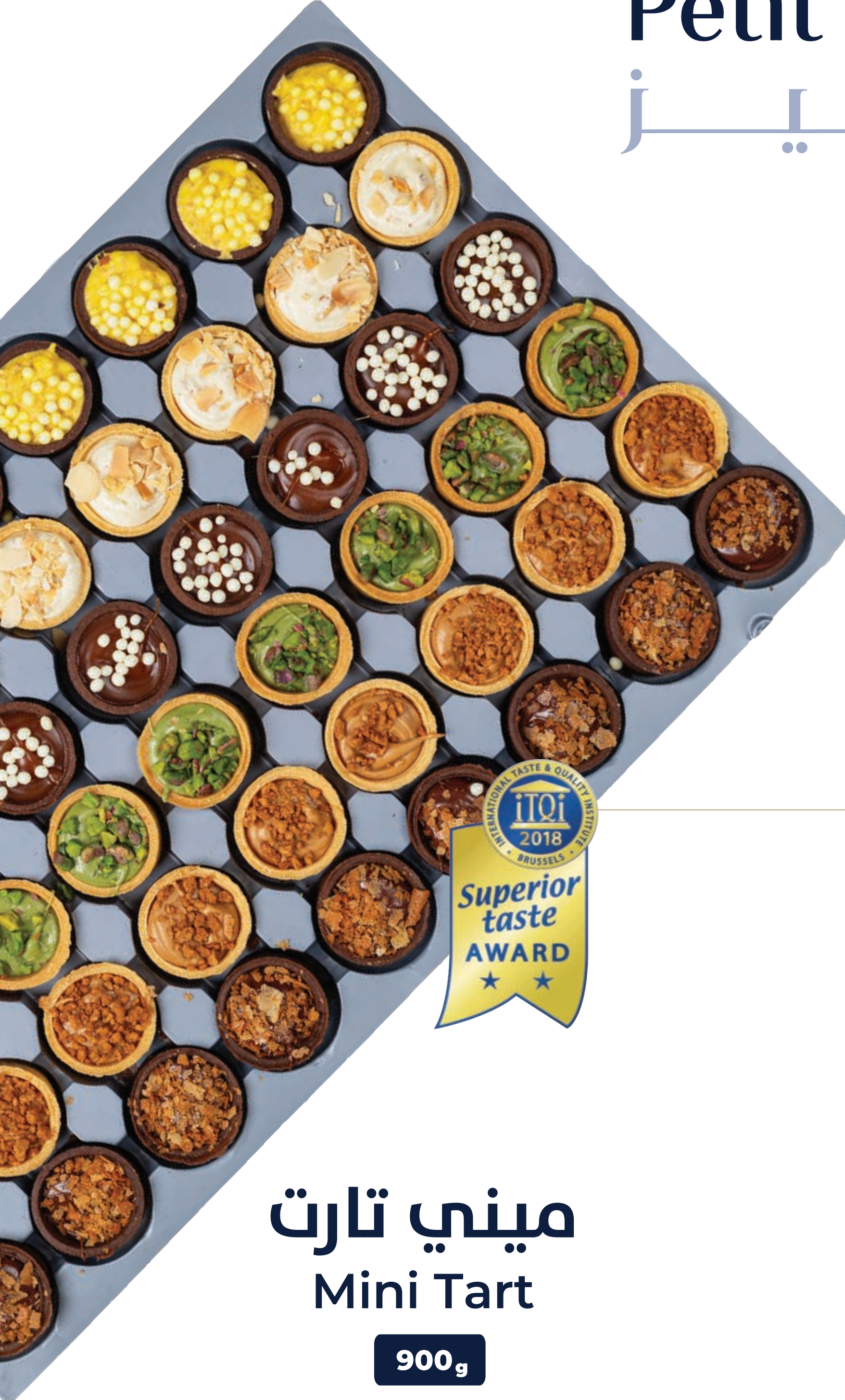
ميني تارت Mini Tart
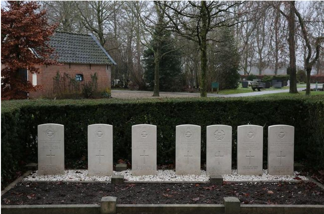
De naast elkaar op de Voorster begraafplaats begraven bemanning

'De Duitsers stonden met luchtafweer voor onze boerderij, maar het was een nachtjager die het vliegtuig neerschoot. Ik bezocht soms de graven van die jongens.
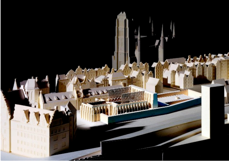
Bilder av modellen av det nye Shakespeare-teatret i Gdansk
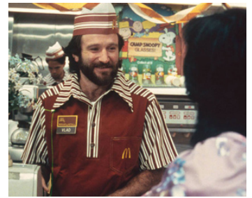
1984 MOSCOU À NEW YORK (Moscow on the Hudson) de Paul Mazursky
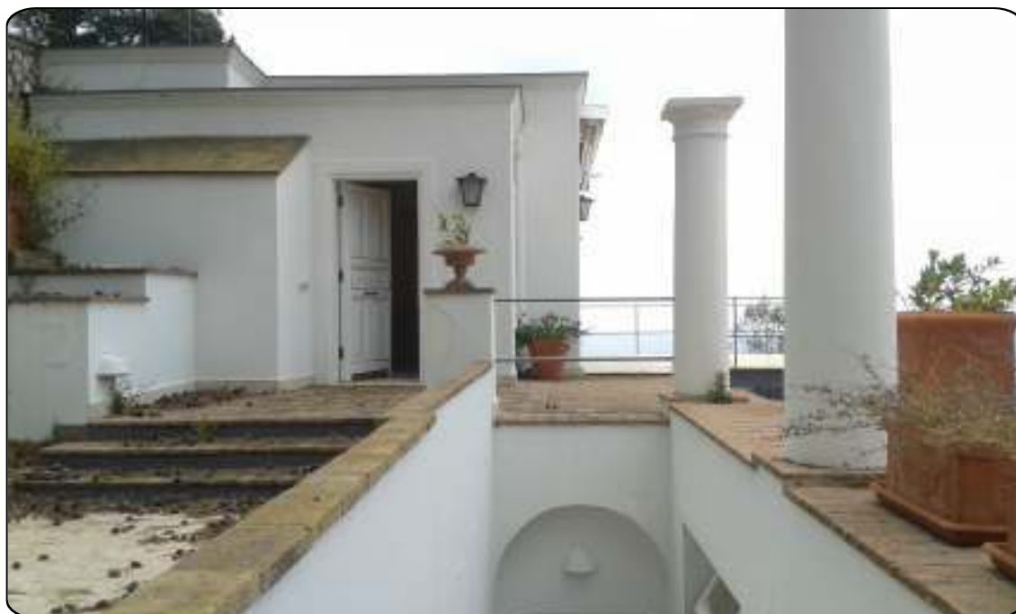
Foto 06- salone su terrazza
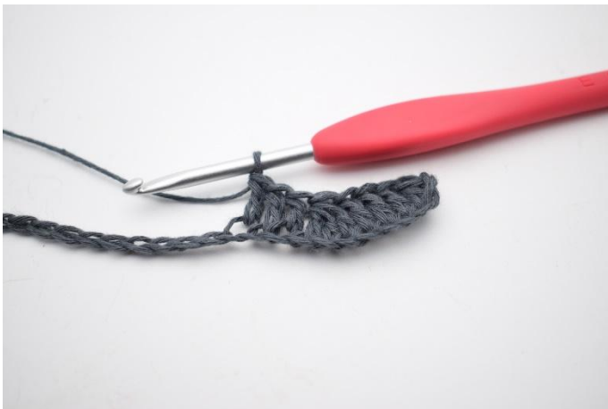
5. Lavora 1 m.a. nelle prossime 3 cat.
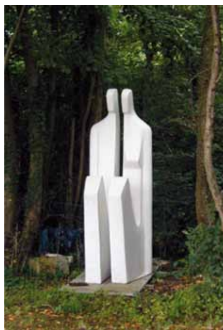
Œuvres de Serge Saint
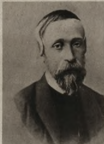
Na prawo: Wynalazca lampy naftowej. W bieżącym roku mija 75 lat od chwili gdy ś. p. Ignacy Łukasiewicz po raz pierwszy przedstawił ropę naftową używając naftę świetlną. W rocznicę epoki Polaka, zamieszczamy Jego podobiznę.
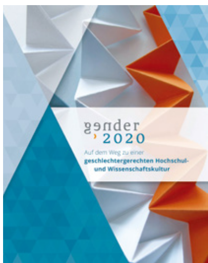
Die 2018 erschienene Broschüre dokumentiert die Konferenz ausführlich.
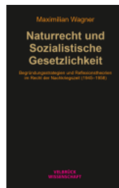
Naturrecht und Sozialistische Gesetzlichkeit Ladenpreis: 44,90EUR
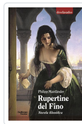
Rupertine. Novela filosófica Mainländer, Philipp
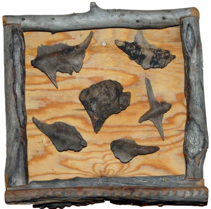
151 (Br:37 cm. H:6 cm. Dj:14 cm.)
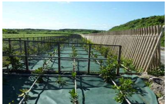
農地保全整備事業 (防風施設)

-.-.-

## WHAT IS EXPECTED
Word for word, restate the lines from the line with "Naturrecht und Sozialistische" through the last line of the entries, and nothing beyond them. Omit pictures.

## REPLY
Naturrecht und Sozialistische Gesetzlichkeit Ladenpreis: 44,90EUR
Rupertine. Novela filosófica Mainländer, Philipp
151 (Br:37 cm. H:6 cm. Dj:14 cm.)
農地保全整備事業 (防風施設)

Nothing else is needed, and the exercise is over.